And according to the conversion relation between the frequency and the position and the conversion relation between the angular speed and the integral multiple fundamental frequency, converting x = c -1 sj and ω =2k π f i Substitution, then U k (j,f i σ) can be expressed as:
the step S2 specifically includes:
s21, multiplying ith window of input voice signal by normal distribution window functionObtaining a signal after the window multiplication;
the window function used by the FFT has the characteristics of small two ends and large middle, and the two ends of the general window function are close to 0 value, so the window function of the FFT can be regarded as a window using infinite length and a window function of which two sides are infinitely close to 0 approximately. Standard normal distribution window function selected by the methodIs simple enough to facilitate the following integration operation.
S22, performing Fast Fourier Transform (FFT) on the signal after the window multiplication to obtain an amplitude spectrum after the FFTWherein, the first and the second end of the pipe are connected with each other,is composed ofThe jth component in the frequency direction of (c),the ith window of the input speech signal is the amplitude spectrum after fast Fourier transform.

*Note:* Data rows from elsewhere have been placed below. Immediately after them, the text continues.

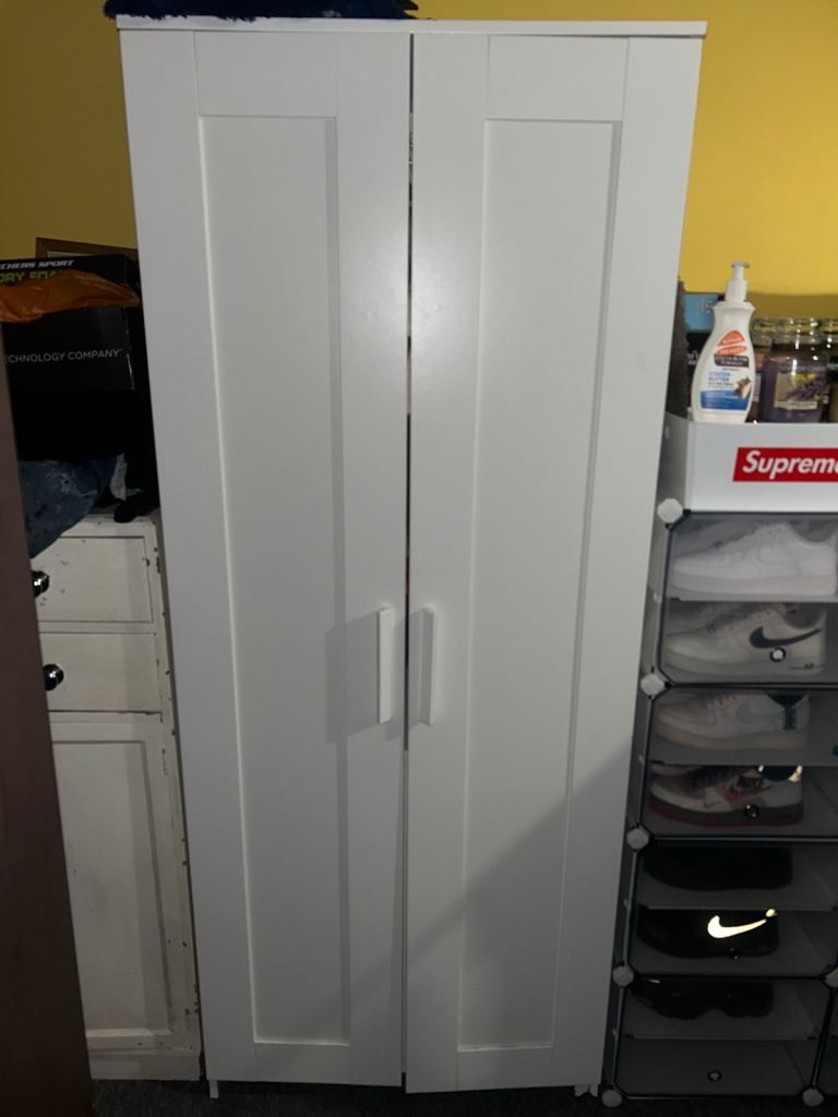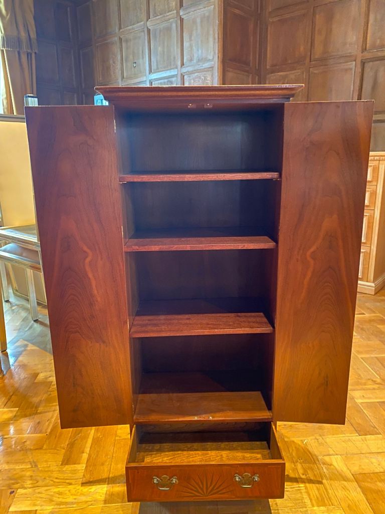 Perfect slim storage piece for small bedrooms, hallways, dressing rooms or as an accent cabinet for linen/small items. Quality piece from a prestigious British workshop.
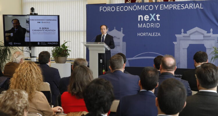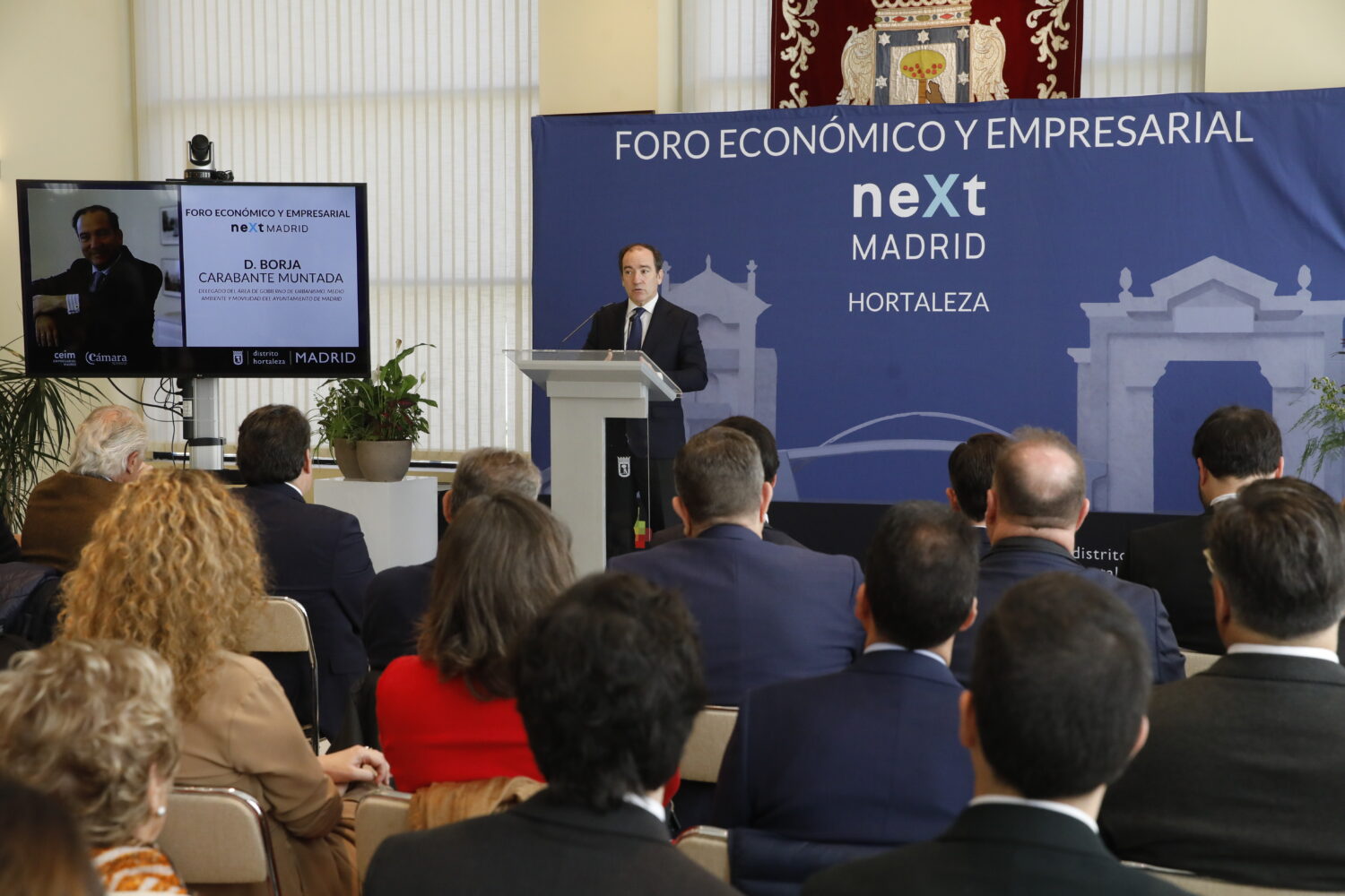 El delegado de Urbanismo, Medio Ambiente y Movilidad, Borja Carabante, ha participado en el IV Foro Económico y Empresarial de Hortaleza ‘Next Madrid’ que busca promover la colaboración entre los agentes económicos y sociales del distrito, así como el crecimiento y la innovación en el mismo. Según ha explicado David Pérez, concejal de Hortaleza, junta que organiza el foro, se trata de “un lugar de encuentro del sector empresarial y del sector público para construir el Madrid del futuro”.
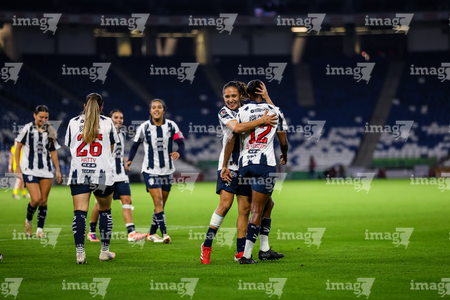 Guadalupe, Nuevo León, 6 de noviembre de 2025. Jugadoras de Rayadas en festejo de gol, durante el partido correspondiente a la ida de los Cuartos de Final del torneo Apertura 2025 de la Liga BBVA MX Femenil, entre las Rayadas del Monterrey y las Águilas del América, realizado en el estadio BBVA. Foto: Imago7/ Andrea Jiménez
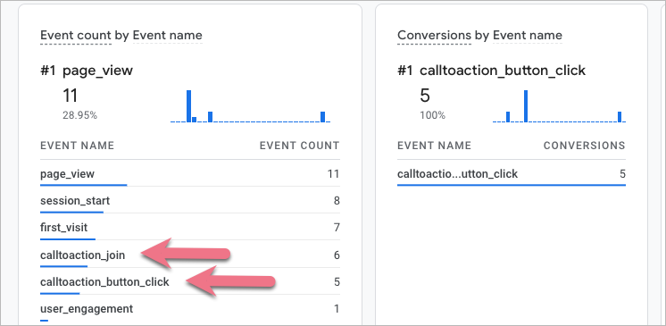 6. From now, your Google Analytics 4 will be capable of tracking two button-click events. You will see the first data in GA4 right away in Reports > Realtime > Event count.

Since the window length can be regarded as infinity approximately, now an infinite length window is used to calculate the amplitude spectrum after fast fourier transform, and the amplitude corresponding to the frequency position x in the spectrum is recorded as f (x), and the specific calculation formula of f (x) is:
to simplify the calculation, f () can be approximately converted to an integral form by treating the discrete signal approximation in the above equation as a continuous signal, resulting in g (x):
when x >0, the integral in step g (x) is solved, and simplified to obtain:
as can be seen by splitting g (x) in the above formula,andboth are low at both sides and high in the middle; furthermore, in the case of a liquid crystal display,the peak of (a) occurs at x = -omega/2 pi, andthe peak of (d) occurs at x =/2 pi. Therefore, according to law 3, ifThen x is greater than or equal to 0 in g (x)Will be small and approximately negligible. Therefore, at this time, g ():
from equation (4), when σ is taken, this function only produces translation along the x-axis with the change of ω and longitudinal scaling with the transformation of a, but its basic shape property remains unchanged, so L (x, ω, σ) of equation (4) can be used as a mask template function to represent the behavior of all time-domain components with amplitude a and angular velocity ω in the frequency domain.
In the step S3, let γ be the lower limit of the fundamental frequency value in the method, and let λ be the upper limit of the fundamental frequency value in the method, then the fundamental frequency f measured by the method i ∈[γ,λ]。
The step S4 specifically includes:
by mixing V k (j,f i σ) andby taking dot product to obtainAmplitude peak at k times fundamental frequencyWherein the peak value of the amplitudeThe calculation formula of (2) is as follows:
according to step S15, there are:
the two formulas are combined, and the following steps can be obtained:
the curve fitting in step S5 may be a piecewise polynomial fitting.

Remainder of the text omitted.